Unlike the vanilla SPT launcher which assumes 1 user = 1 machine, Personal Authentication enables multiple isolated accounts. Users register and log in to uniquely generated session IDs via `AuthRouter.cs` hooking into `LauncherCallbacks`.
## The `server-csharp` Modifications:
The server's default JSON payload parsing was too strict regarding unmapped JSON structures (like adding a `password` field).
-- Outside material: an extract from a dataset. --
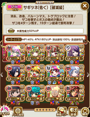 今のコトダマン破滅級はグランドが複数体いて安定クリアバランスになっとるのだよな。最適リーダーがいなければ勝負すら挑めない状況でもあり、改善を促したいところだが、噂に聞くところではモンストもそういう感じになっとるらしいのがなぁ。mixiの良くない所なのかもしれない。

We addressed this by updating the base interface in `SPTarkov.Server.Core`:
```csharp
namespace SPTarkov.Server.Core.Models.Eft.Launcher;
public record LoginRequestData : IRequestData
{
[JsonPropertyName("username")]
public string? Username { get; set; }
[JsonPropertyName("password")]
public string? Password { get; set; }
}
```
Now, `LoginRequestData` natively accepts passwords, allowing Harmony Patches on `LauncherCallbacks.Login` and `LauncherCallbacks.Register` to validate against the database gracefully.
## Custom Token Session vs Default Random Session Strings
Vanilla SPT creates a random GUID session variable that is used loosely.
With SSO:
1. `spt-launcher` initiates an HTTP POST `/launcher/profile/login` with `username` and `password`.
2. The Database (`DatabaseManager.cs`) verifies credentials against PostgreSQL passwords (hashed).
3. Returns a specific `SessionID` mapped directly to that User ID.
4. The launcher preserves this ID in cookies and local cache storage.
5. Sub-requests (Start Client, Fetch Match Profiles) utilize this single, constant Session ID instead of performing a secondary manual profile scan discovery via `/launcher/profiles`.